Return all the data verbatim but without images.
***** Data for processing *****
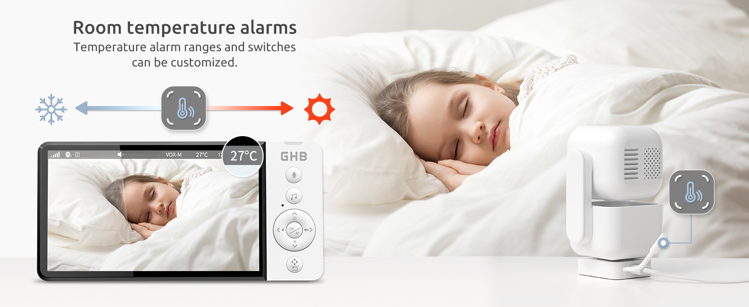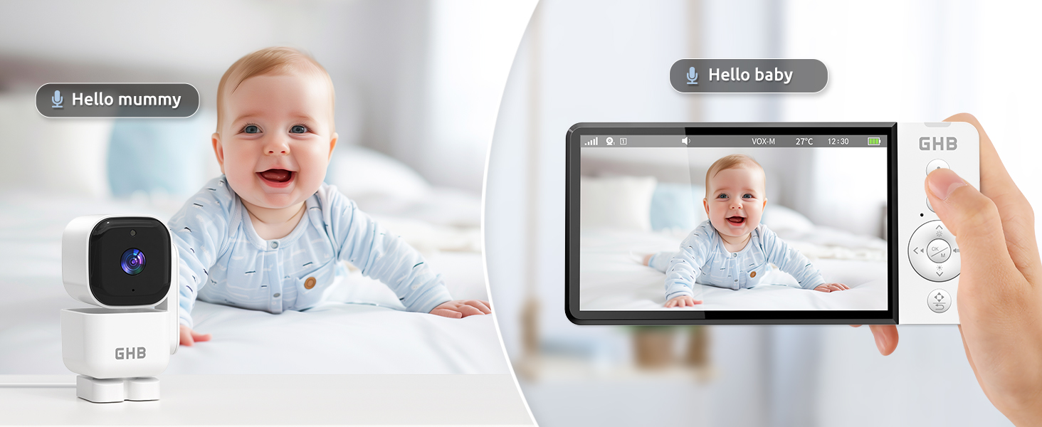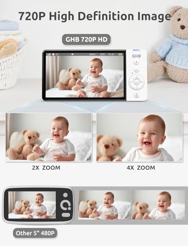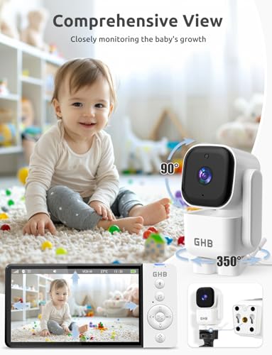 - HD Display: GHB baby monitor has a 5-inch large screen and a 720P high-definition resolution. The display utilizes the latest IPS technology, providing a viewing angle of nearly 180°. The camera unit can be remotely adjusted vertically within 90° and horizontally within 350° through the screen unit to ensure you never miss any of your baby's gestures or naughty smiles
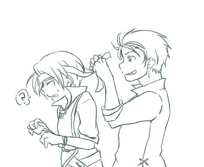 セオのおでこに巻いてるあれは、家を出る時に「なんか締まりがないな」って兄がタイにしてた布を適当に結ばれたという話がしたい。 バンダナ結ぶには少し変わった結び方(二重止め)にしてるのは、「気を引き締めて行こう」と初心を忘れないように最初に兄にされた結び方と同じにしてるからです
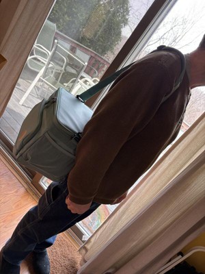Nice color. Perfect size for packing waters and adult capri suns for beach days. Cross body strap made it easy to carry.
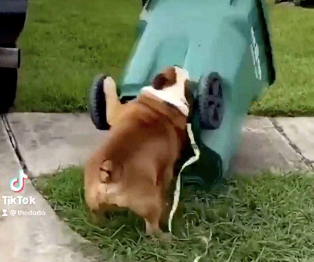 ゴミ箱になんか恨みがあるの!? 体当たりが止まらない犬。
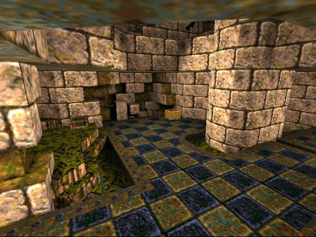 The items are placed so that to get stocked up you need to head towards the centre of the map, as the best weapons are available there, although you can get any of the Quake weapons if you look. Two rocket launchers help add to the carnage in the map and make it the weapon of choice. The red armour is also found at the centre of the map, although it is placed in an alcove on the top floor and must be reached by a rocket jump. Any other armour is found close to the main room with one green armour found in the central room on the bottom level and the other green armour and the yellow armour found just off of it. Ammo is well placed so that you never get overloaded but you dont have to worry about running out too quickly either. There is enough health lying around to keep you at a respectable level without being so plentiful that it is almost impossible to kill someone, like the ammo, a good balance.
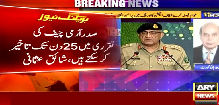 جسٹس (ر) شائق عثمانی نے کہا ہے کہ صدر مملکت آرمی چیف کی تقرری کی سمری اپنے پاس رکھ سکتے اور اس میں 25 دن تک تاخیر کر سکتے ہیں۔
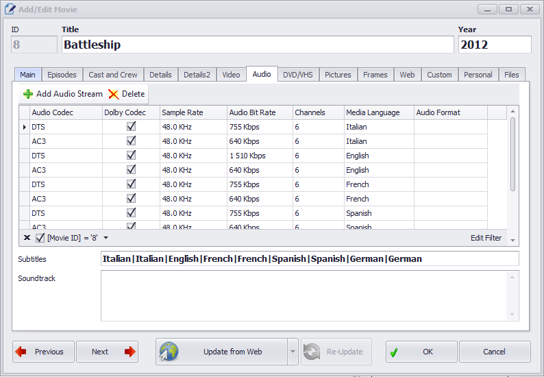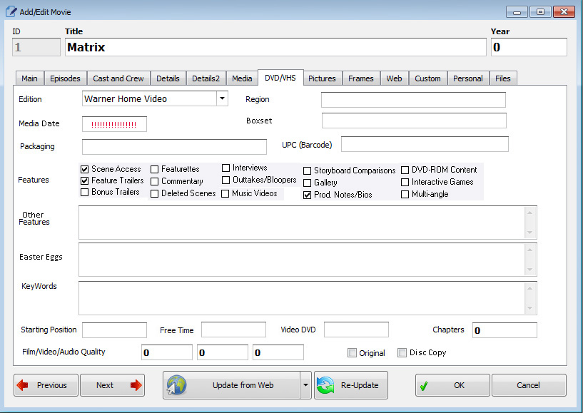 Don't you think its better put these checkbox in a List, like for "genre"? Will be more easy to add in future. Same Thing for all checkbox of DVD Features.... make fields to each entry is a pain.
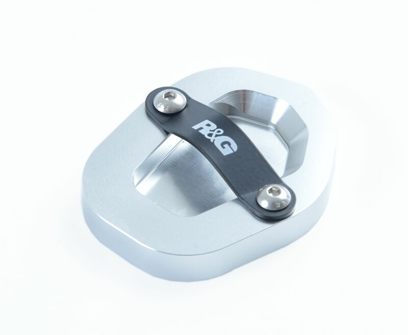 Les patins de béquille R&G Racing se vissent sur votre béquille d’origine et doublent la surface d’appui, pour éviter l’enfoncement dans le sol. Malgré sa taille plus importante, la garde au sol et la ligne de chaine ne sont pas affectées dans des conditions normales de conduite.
*****
Finished task:
 - HD Display: GHB baby monitor has a 5-inch large screen and a 720P high-definition resolution. The display utilizes the latest IPS technology, providing a viewing angle of nearly 180°. The camera unit can be remotely adjusted vertically within 90° and horizontally within 350° through the screen unit to ensure you never miss any of your baby's gestures or naughty smiles
 セオのおでこに巻いてるあれは、家を出る時に「なんか締まりがないな」って兄がタイにしてた布を適当に結ばれたという話がしたい。 バンダナ結ぶには少し変わった結び方(二重止め)にしてるのは、「気を引き締めて行こう」と初心を忘れないように最初に兄にされた結び方と同じにしてるからです
Nice color. Perfect size for packing waters and adult capri suns for beach days. Cross body strap made it easy to carry.
 ゴミ箱になんか恨みがあるの!? 体当たりが止まらない犬。
 The items are placed so that to get stocked up you need to head towards the centre of the map, as the best weapons are available there, although you can get any of the Quake weapons if you look. Two rocket launchers help add to the carnage in the map and make it the weapon of choice. The red armour is also found at the centre of the map, although it is placed in an alcove on the top floor and must be reached by a rocket jump. Any other armour is found close to the main room with one green armour found in the central room on the bottom level and the other green armour and the yellow armour found just off of it. Ammo is well placed so that you never get overloaded but you dont have to worry about running out too quickly either. There is enough health lying around to keep you at a respectable level without being so plentiful that it is almost impossible to kill someone, like the ammo, a good balance.
 جسٹس (ر) شائق عثمانی نے کہا ہے کہ صدر مملکت آرمی چیف کی تقرری کی سمری اپنے پاس رکھ سکتے اور اس میں 25 دن تک تاخیر کر سکتے ہیں۔
 Don't you think its better put these checkbox in a List, like for "genre"? Will be more easy to add in future. Same Thing for all checkbox of DVD Features.... make fields to each entry is a pain.
 Les patins de béquille R&G Racing se vissent sur votre béquille d’origine et doublent la surface d’appui, pour éviter l’enfoncement dans le sol. Malgré sa taille plus importante, la garde au sol et la ligne de chaine ne sont pas affectées dans des conditions normales de conduite.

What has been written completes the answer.